Dual-port RAM is a powerful solution alright. Both CPU's get maximal bandwidth. But I guess you know that might be more bandwidth than is really required, depending on the goals (such as resolution & refresh rate). We could start a new topic for this discussion -- heck, there sure is plenty of space on this forum right now! :)

As for my 6809 board, the tradeoff is that the RAM is single port and the available bandwidth is divided. (The split is exactly 50:50, since the two CPU's simply take turns; the pattern never varies). But, on the upside, all 64K is shared -- not just a fraction. That means you can have very large bit maps, or even multiple bit maps (for buffering). All memory can be used as display memory.
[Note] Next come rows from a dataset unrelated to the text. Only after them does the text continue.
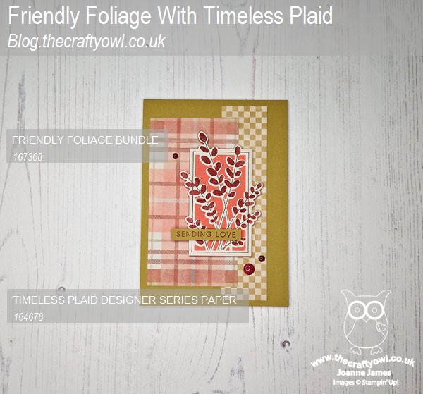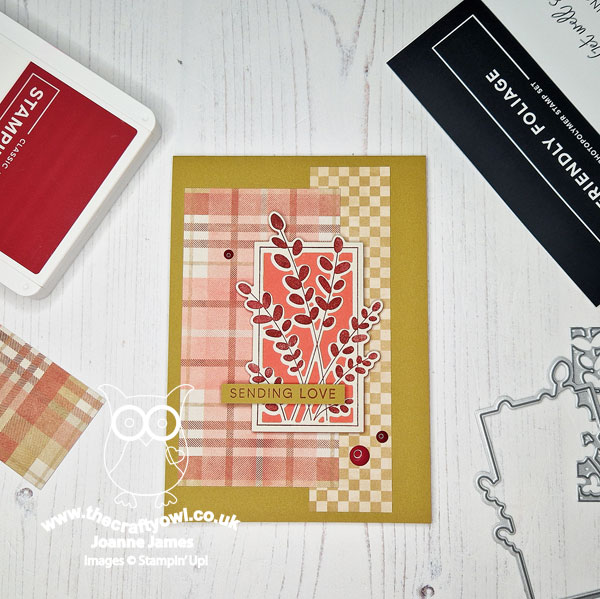 Friendly Foliage - I have had my Friendly Foliage bundle out on my desk, waiting for an opportunity to showcase the main foliage stamp, so decided I'd try it with this sketch. This is a stamp that doesn't disappoint: the image is crisp and clean and the dies in this set are just fabulous, with the die for this main stamp set cutting out both the outline and the internal pieces too, which makes it great for layering. There are some great sentiments in this stamp set too.
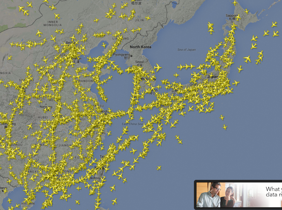 しかも、気になってその時間にどれだけの飛行機が空をとんでいたのかをリアルタイム表示の
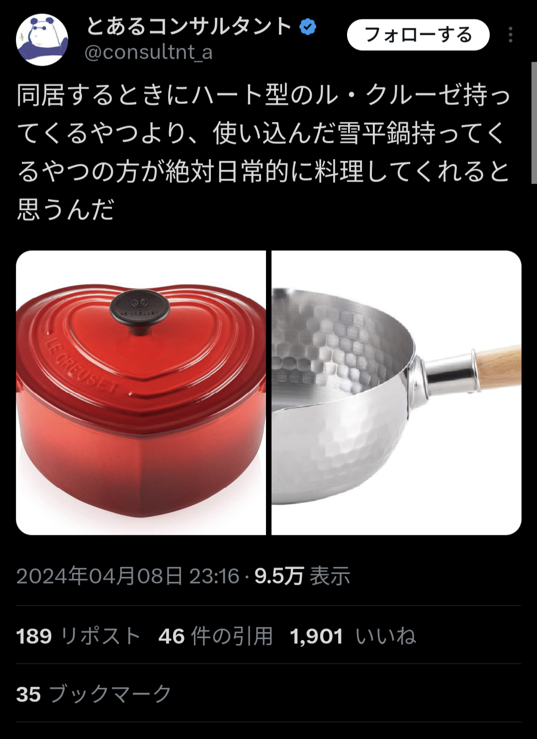 同居するときにハート型のル・クルーゼ持ってくるやつより、使い込んだ雪平鍋持ってくるやつの方が絶対日常的に料理してくれると思うんだ pic.twitter.com/mKQ0an4gQT
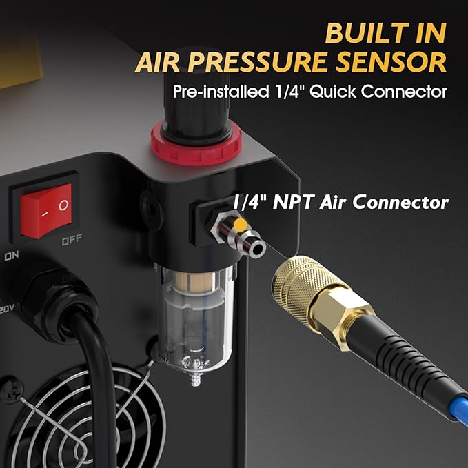 - Air Sensor Technology: The air sensor built into the machine will display the air pressure on the front panel of the machine. The back of the machine comes with a quick connect 1/4 NPT air connector air filter fitting and built-in regulator
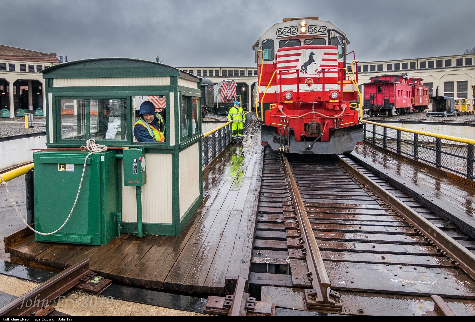 | Dark rain clouds threaten the crew as they spin the Norfolk Southern First Responder's Training locomotive on the turntable at Spencer, NC to get it put away before the next rain deluge. |
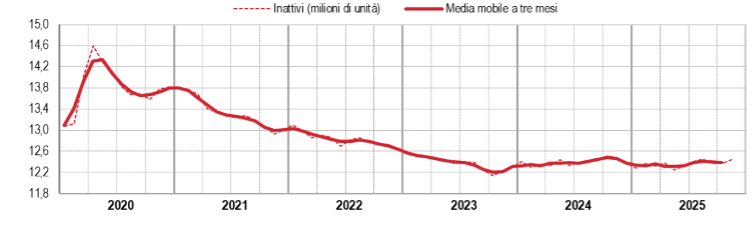 In questo secondo caso, il calo della disoccupazione non riflette un miglioramento reale delle opportunità occupazionali, ma piuttosto una riduzione della partecipazione al mercato del lavoro. Infatti, confrontando il mese di novembre con quello precedente, si osserva una riduzione sia del numero di disoccupati (–30 mila unità) sia del numero di occupati (–34 mila unità), a fronte di un aumento degli inattivi pari a 72 mila unità.

It also means that code can be shared between the CPU's, as long as the routines are written to be reentrant. I know I said the slave CPU was just for reading & outputting, but in fact during the vertical blanking interval it could could assist the master with calculating the graphics array and putting it in memory. Or, if you were willing to drop some frames, both CPU's could churn away for as long as necessary -- rendering an image, or for that matter doing any other suitable task.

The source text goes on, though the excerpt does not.